↓↓↓
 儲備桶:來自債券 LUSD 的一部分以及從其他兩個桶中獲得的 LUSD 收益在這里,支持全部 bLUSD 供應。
↑↑↑
↓↓↓
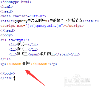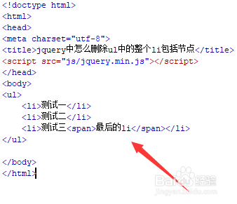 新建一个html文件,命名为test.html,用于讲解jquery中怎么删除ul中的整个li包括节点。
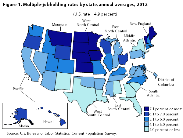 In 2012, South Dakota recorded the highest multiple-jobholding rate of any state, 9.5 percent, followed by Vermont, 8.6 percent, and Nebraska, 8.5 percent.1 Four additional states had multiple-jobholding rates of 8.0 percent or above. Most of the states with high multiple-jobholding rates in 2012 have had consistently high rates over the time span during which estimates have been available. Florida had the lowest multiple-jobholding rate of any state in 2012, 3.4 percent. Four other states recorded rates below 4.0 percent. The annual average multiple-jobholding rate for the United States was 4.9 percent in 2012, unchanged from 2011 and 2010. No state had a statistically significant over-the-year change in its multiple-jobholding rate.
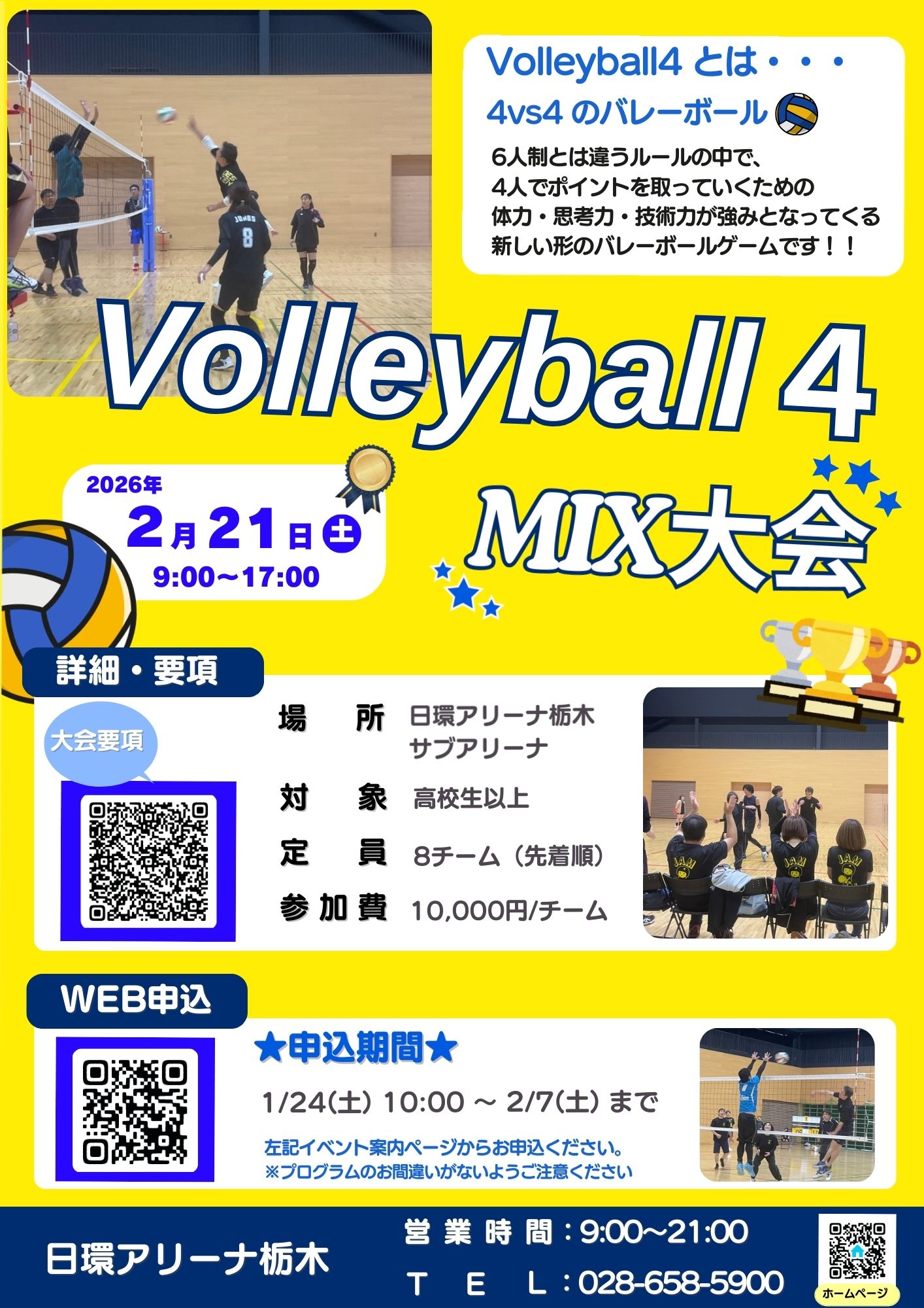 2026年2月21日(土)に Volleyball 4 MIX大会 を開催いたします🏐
↑↑↑
↓↓↓
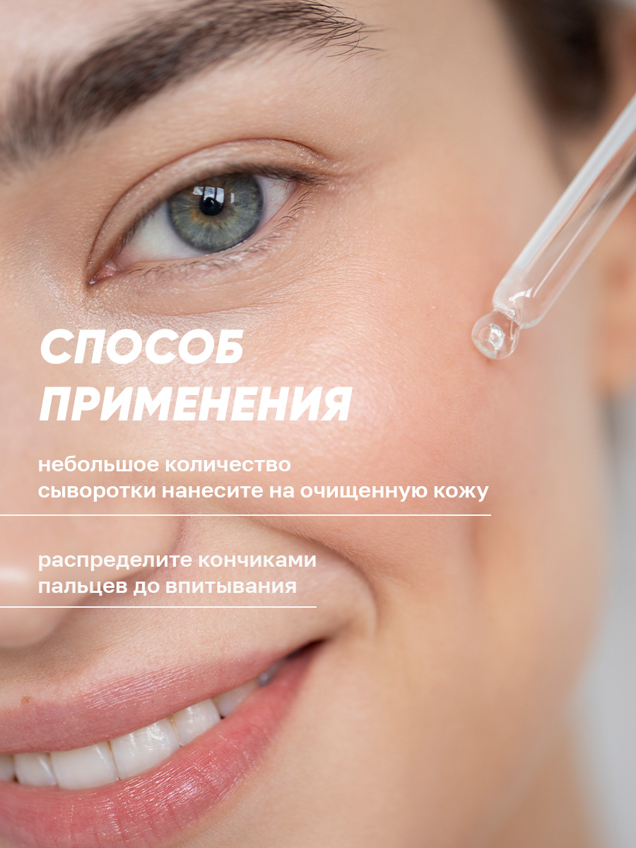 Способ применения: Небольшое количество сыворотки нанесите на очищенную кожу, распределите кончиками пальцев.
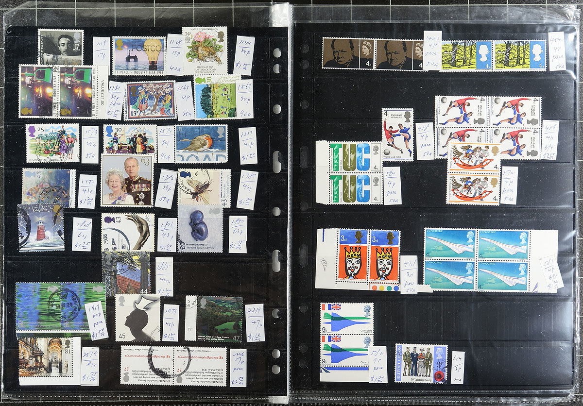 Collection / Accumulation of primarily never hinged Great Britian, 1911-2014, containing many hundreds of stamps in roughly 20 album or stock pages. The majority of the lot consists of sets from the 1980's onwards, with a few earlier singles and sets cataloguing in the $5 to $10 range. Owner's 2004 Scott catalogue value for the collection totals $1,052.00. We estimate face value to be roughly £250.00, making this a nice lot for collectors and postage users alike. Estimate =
↑↑↑
__Problem to solve__
All lines above from the one containing "In 2012, South" up to and including the one containing "2026年2月21日(土)に Volleyball 4 MIX大会 を開催いたします🏐" are to be set down exactly, and nothing else. Leave images out.

__Task result__
 In 2012, South Dakota recorded the highest multiple-jobholding rate of any state, 9.5 percent, followed by Vermont, 8.6 percent, and Nebraska, 8.5 percent.1 Four additional states had multiple-jobholding rates of 8.0 percent or above. Most of the states with high multiple-jobholding rates in 2012 have had consistently high rates over the time span during which estimates have been available. Florida had the lowest multiple-jobholding rate of any state in 2012, 3.4 percent. Four other states recorded rates below 4.0 percent. The annual average multiple-jobholding rate for the United States was 4.9 percent in 2012, unchanged from 2011 and 2010. No state had a statistically significant over-the-year change in its multiple-jobholding rate.
 2026年2月21日(土)に Volleyball 4 MIX大会 を開催いたします🏐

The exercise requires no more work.